Alternatively, if the light pattern 422 utilizes a color that is
not likely to occur elsewhere in the image 510, the processor may
apply color correction to remove effects of the color of the light
pattern 422 from the image 510.
[0103] In alternative embodiments, the first light 414 may be
captured at a different time from capture of the second light 424.
For example, the camera 200 may capture the first light 414,
activate the light pattern source 420 to emit the light pattern
422, and then capture the second light 424 after capture of the
first light 414 has been completed. Then, only the first light 414
may be used to generate the image 510, and only the second light
424 may be used to generate the depth map 520.
[0104] Advantageously, in such an embodiment, the image 510 may not
include any effects from the light pattern 422, since the light
pattern 422 was not being projected into the scene 402 at the time
the first light 414 was captured. Thus, there may be no need to
process the image 510 to remove effects of the light pattern 422.
If capture of the first light 414 and capture of the second light
424 are performed in relatively rapid succession, there may be
little or no motion of the objects in the scene 402 relative to the
camera, between the two capture steps. Such a method may be
performed with a camera having a single sensor, like the camera 200
of FIG. 4.
[0105] In other alternative embodiments, the first light 414 and
the second light 424 may be captured simultaneously, but by
different sensors, or by different portions of a single sensor.
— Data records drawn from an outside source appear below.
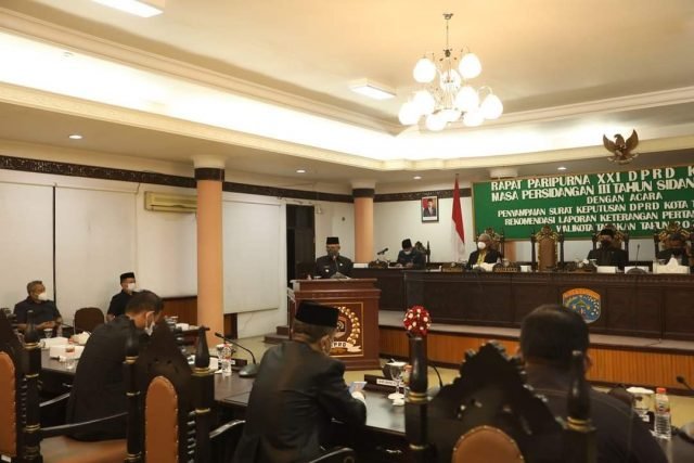 TARAKAN – Walikota Tarakan, dr. H. Khairul, M.Kes., bersama dengan Wawali, Effendhi Djuprianto, hadir dalam Rapat Paripurna DPRD Kota Tarakan dengan agenda penyampaian Surat Keputusan DPRD Kota Tarakan tentang Rekomendasi Laporan Keterangan Pertanggungjawaban Walikota tahun 2020 di Ruang Rapat Utama DPRD Kota Tarakan pada Senin (27/4/2021) malam.
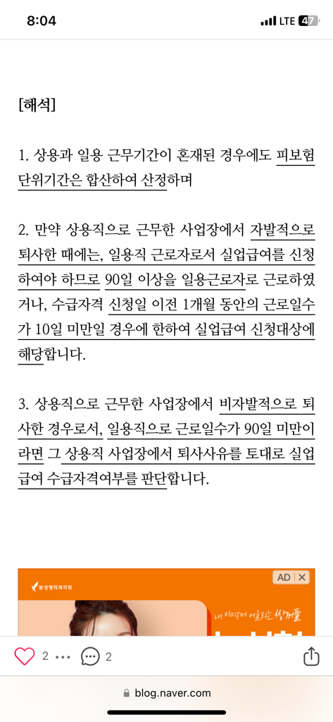 저는 03-06일자부터 근무하여 총 90일이상 근무하엿는데 고용보험이 가입된 기준일자로부터 반영되는거면은 3번의 상용직 사업장의 퇴사사유를 토대로 수급여부판단한다는데 그럼 저는 실업급여 신청을 못하는건가요?! 지금 급 화나고 억울하네요 신청안된다하면은.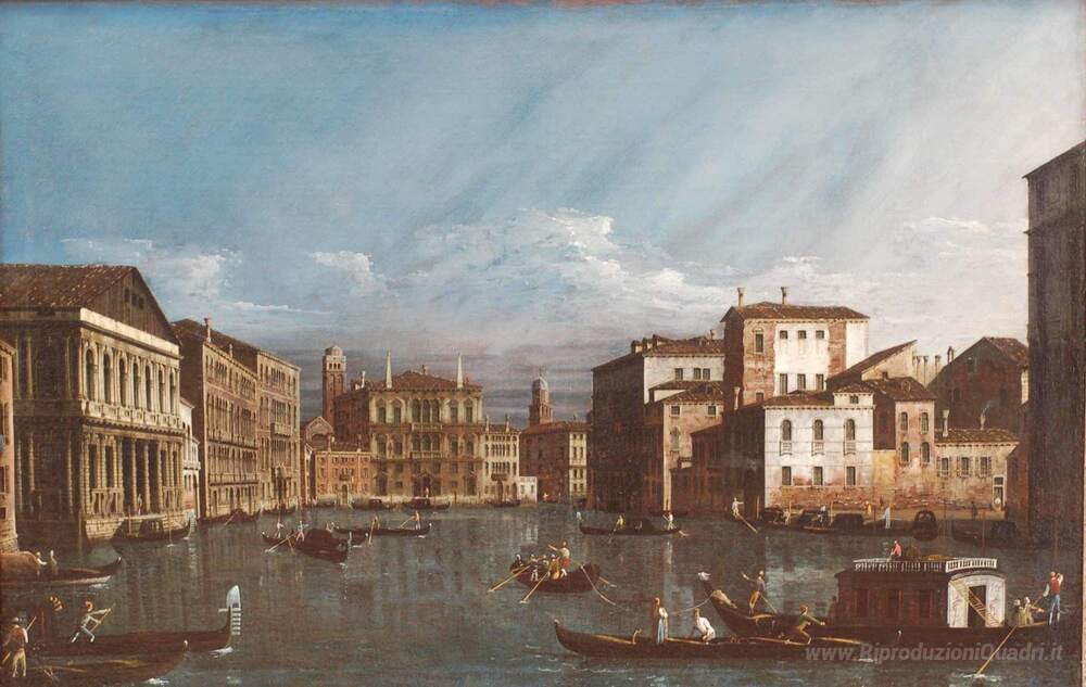 Ti offriamo una riproduzione artigianale su tela dell'opera famosa 'Veduta di Venezia' di Bernardo Bellotto, dal Museo delle Riproduzioni.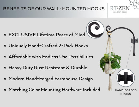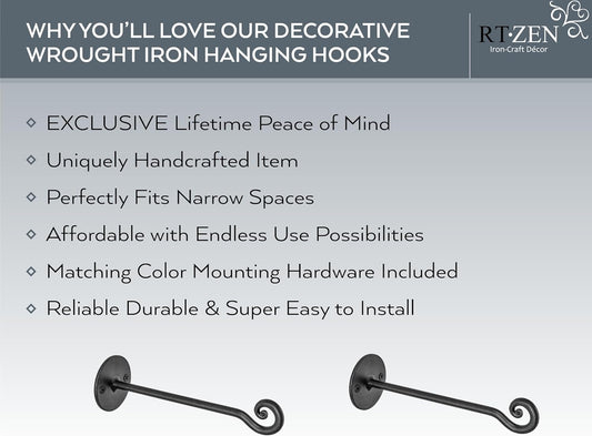 RTZEN Plant Hangers Outdoor or Indoor - Wrought Iron Metal Hanger Indoor Hook - Heavy Duty Wall Bracket Hooks for Hanging Plants Baskets Lanterns Wind Chimes - 2 Pack (Black Swirl Hooks)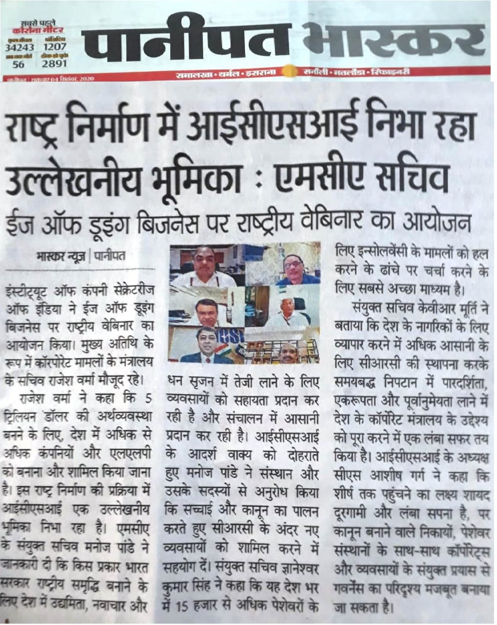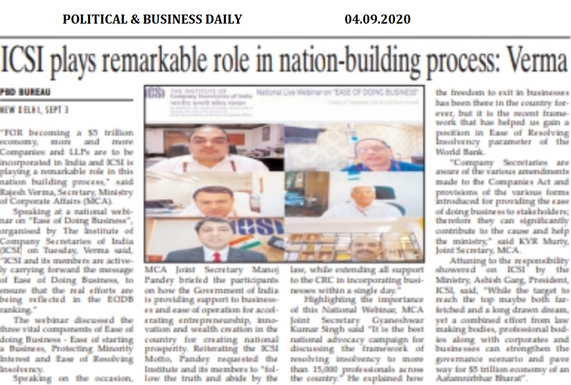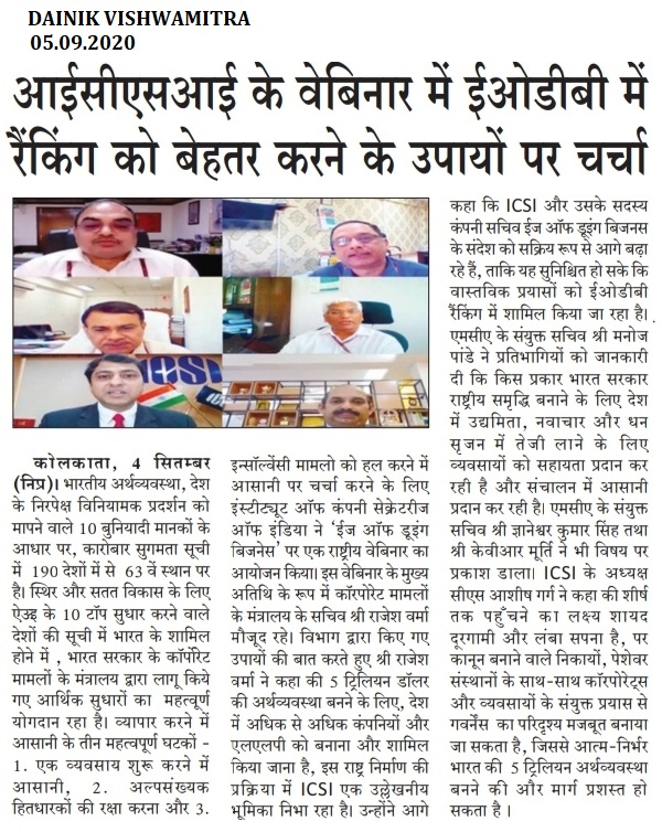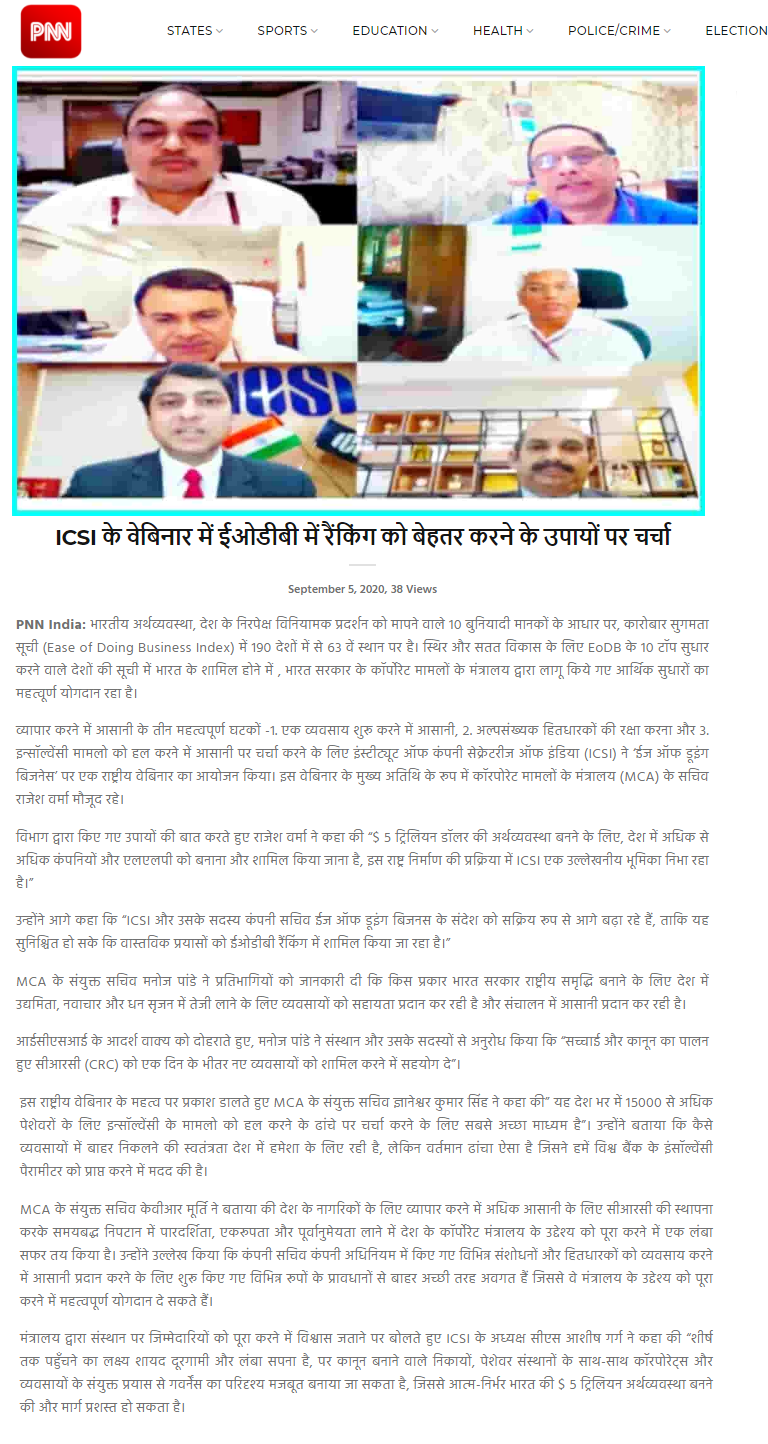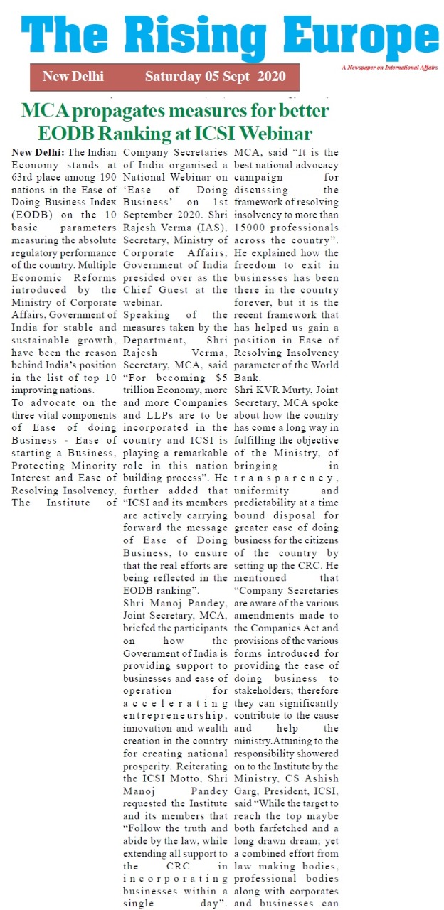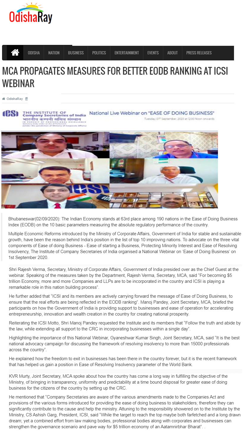 MCA propagates measures for better EODB Ranking at ICSI Webinar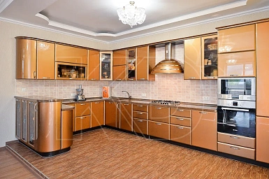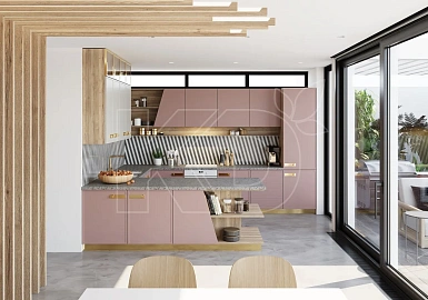 При выборе гарнитура обязательно учитывайте его планировку. Именно от этого зависит, насколько гармонично мебель впишется в пространство. В небольших и средних комнатах обычно устанавливают угловые и линейные комплекты. При этом высокие модули размещают у стен, которые находятся далеко от окна. Такая расстановка обеспечивает комфортный доступ к содержимому шкафов. Ближе к окну следует установить мойку, плиту, столешницу, потому что готовить удобнее при хорошем дневном освещении.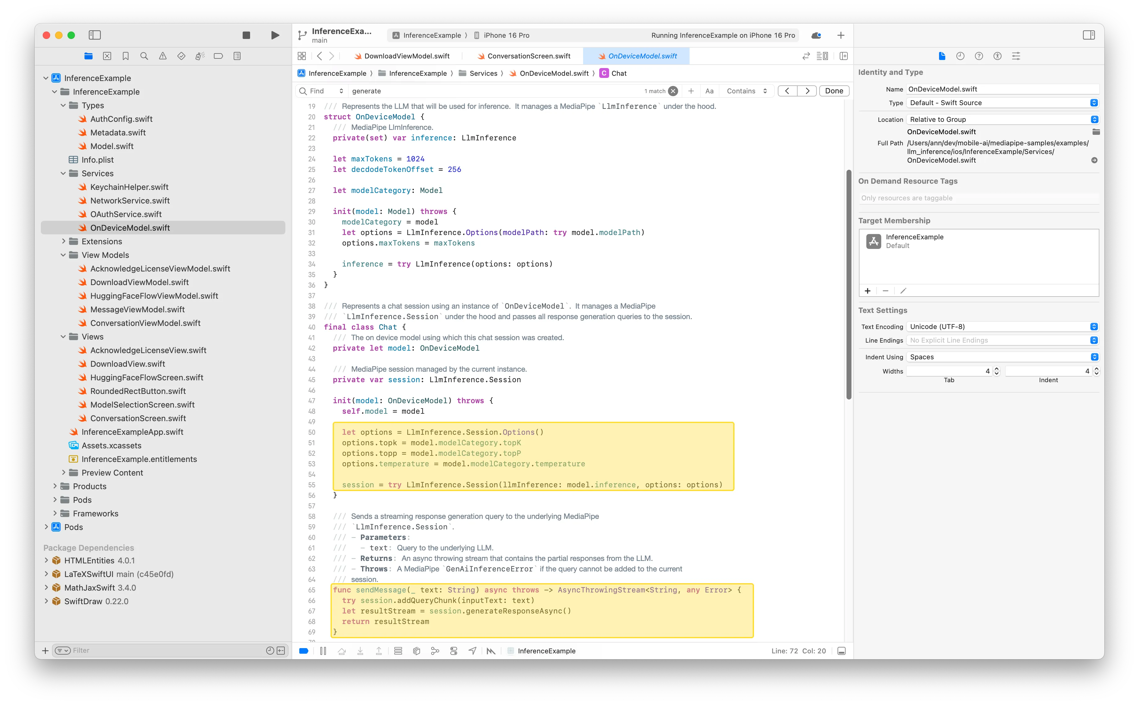 generateResponse(inputText:)method for single responses, orgenerateResponseAsync(inputText:)for streaming: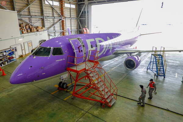今回のイベントは、2021年3月中に3度の開催が予定されており、取材したのは2回目のもの。映画のような荘厳なBGMをバックに、FDA機(機番:JA16FJ、エンブラエル175型機)が名古屋空港の格納庫に入ってくるところからツアーは始まります。

Again, in such embodiments, only the first light 414 may be used to
generate the image 510, and only the second light 424 may be used
to generate the depth map 520. Such embodiments may also have the
advantage of having no need to process the image 510 to remove
effects of the light pattern 422.
[0106] Implementation of such embodiments may be facilitated where
the light pattern 422 includes light within a frequency range
distinct from that of the other light 412. Since the other light
412 likely includes visible light, it may be advantageous to use
invisible light, such as ultraviolet and/or infrared light, for the
light pattern 422. Then, various optical components may be used to
separate the visible light from the invisible light so the first
light 414 and the second light 424 can be separated from each other
for capture. Exemplary embodiments of utilizing such optical
components will be shown and described in connection with FIGS. 8
and 9, as follows.
Visible and Invisible Light Capture
[0107] FIG. 8 is an illustration of a light filter 800 according to
one embodiment. The light filter 800 may facilitate simultaneous
capture of visible and invisible light with a single image sensor
in a manner that facilitates differentiation between the visible
light and the invisible light. The light filter 800 may be
positioned proximate the aperture of a camera, such as the camera
200 of FIG. 4. If desired, the light filter 800 may take the place
of a UVIR filter elsewhere in the camera 200, which may ordinarily
be positioned proximate the image sensor 203.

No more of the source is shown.